“原来是我家的。”
话落,白岐就着捧他手,倾身上前,笑眯眯亲了他一口。
而后,她又如小兽般蹭他鼻尖,边蹭边黏黏糊糊哄人:“别气啦,醋精。”
醋精睫毛颤了颤,依旧不理她。
“唉,哄不好,我要放弃了。”
说着,白岐便要抽手离开,却被人牢牢按住,腰上一紧,冷香自上倾覆而来。
静室一时落针可闻,偶有水声缠绵,暗香浮动,直到瓷器被打翻的碰撞声起,二人才蓦地惊醒,迅速抽离。

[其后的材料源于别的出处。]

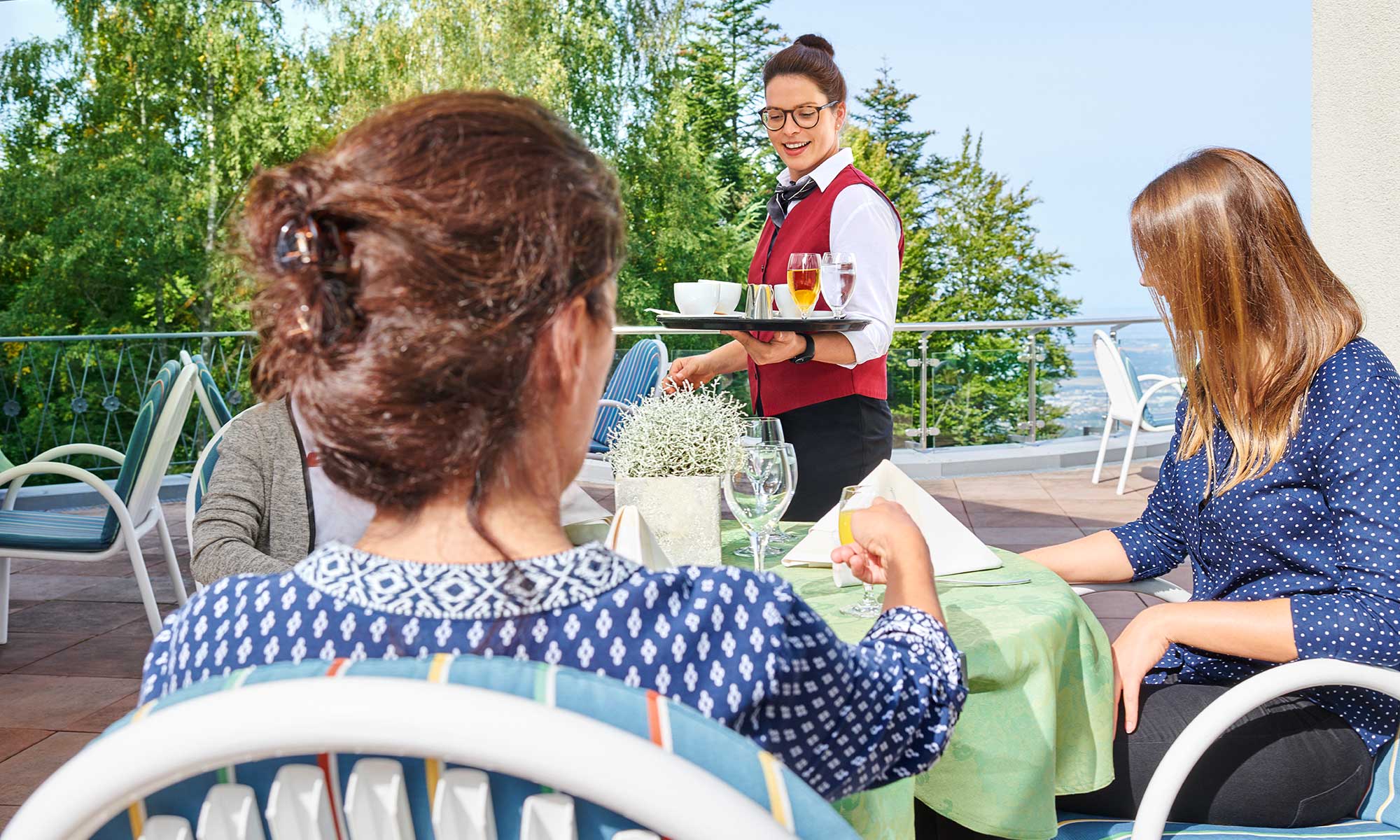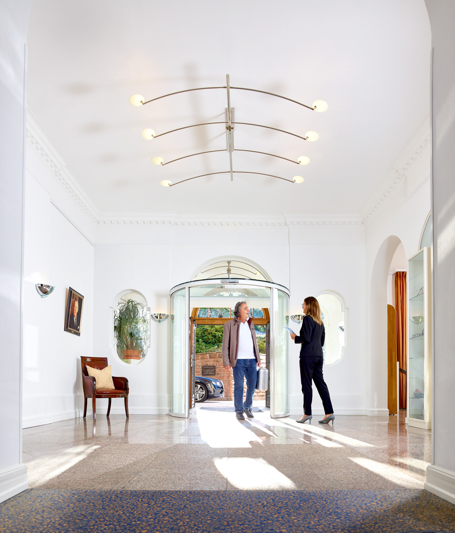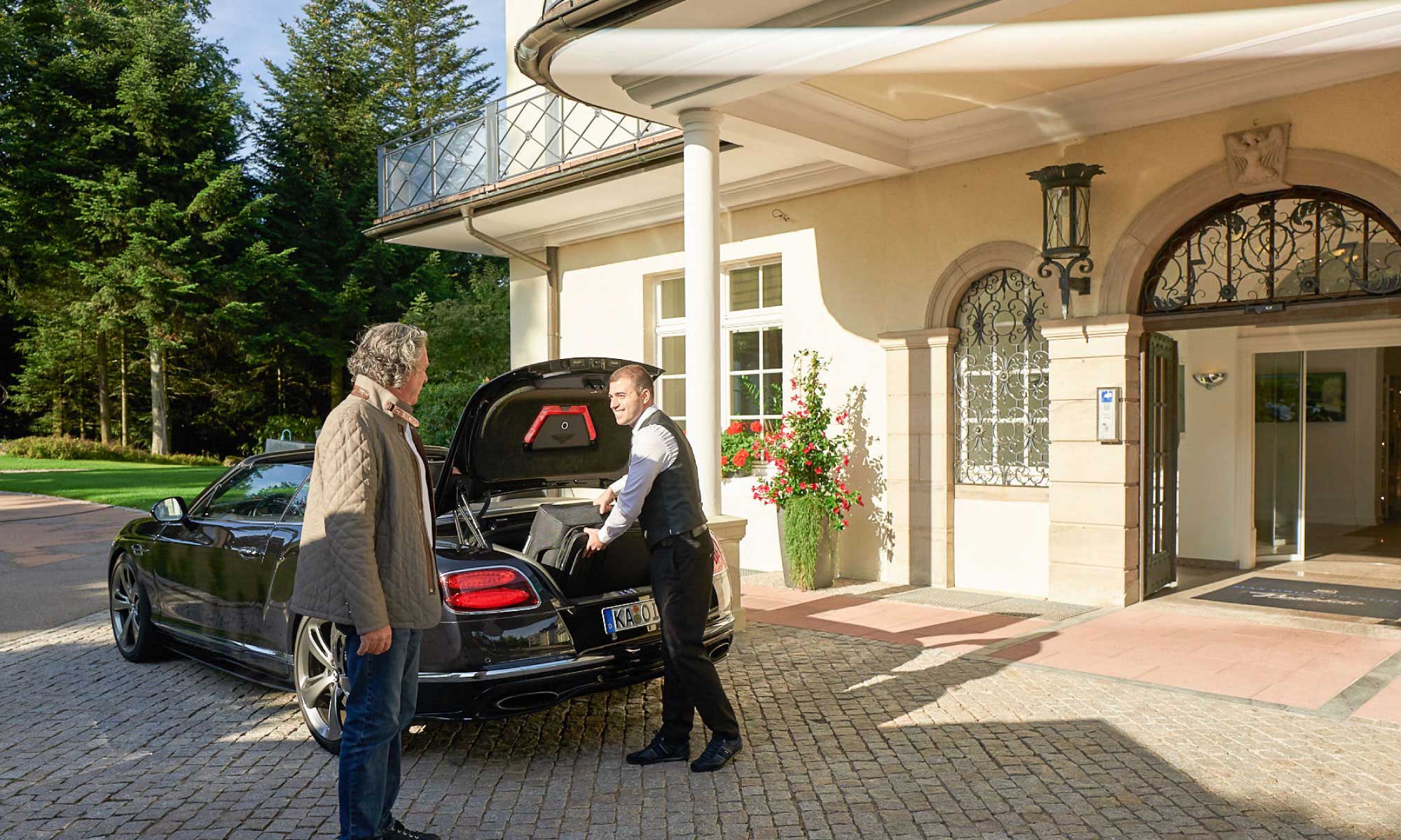 Sie checken ein, dann übernehmen wir – zunächst Ihr Gepäck, das wir für Sie aufs Zimmer bringen. Und das wir bei Ihrer Abfahrt natürlich auch wieder in Ihrem Auto verstauen.

白岐瞥过对方被她剥去大半的衣衫,又赶紧移开,目光不知往哪儿放。
心中暗骂自己,怎如此色急。
另个当事人,似乎没什么反应。只轻飘飘垂眸,看了眼自己那身胡乱耷拉的衣裳,没管,反颇有闲情地帮白岐系衣带。
白岐试探:“不生气了?”
那只指骨修长的手滞了下,又若无其事继续动作,哪哪儿都正常,就是不理她。
好难哄,这人怎还没好!
她勾勾搭搭戳了戳他手背,提醒道:“你把中衣和外衫衣带系反了。”
楼烬雪下意识回:“没有。”
回完,才反应过来白岐在故意诈他,对上她笑嘻嘻的眸子,撇开眼:“你是不是,也总用这种方式,去哄他?”
白岐反驳:“我没哄过他!”
“噢。”楼烬雪嘴角不易察觉地弯了弯,语气依旧淡淡,“那就是其他方式。”
“我都说了,没、哄、过!”
“那你只哄过我吗?”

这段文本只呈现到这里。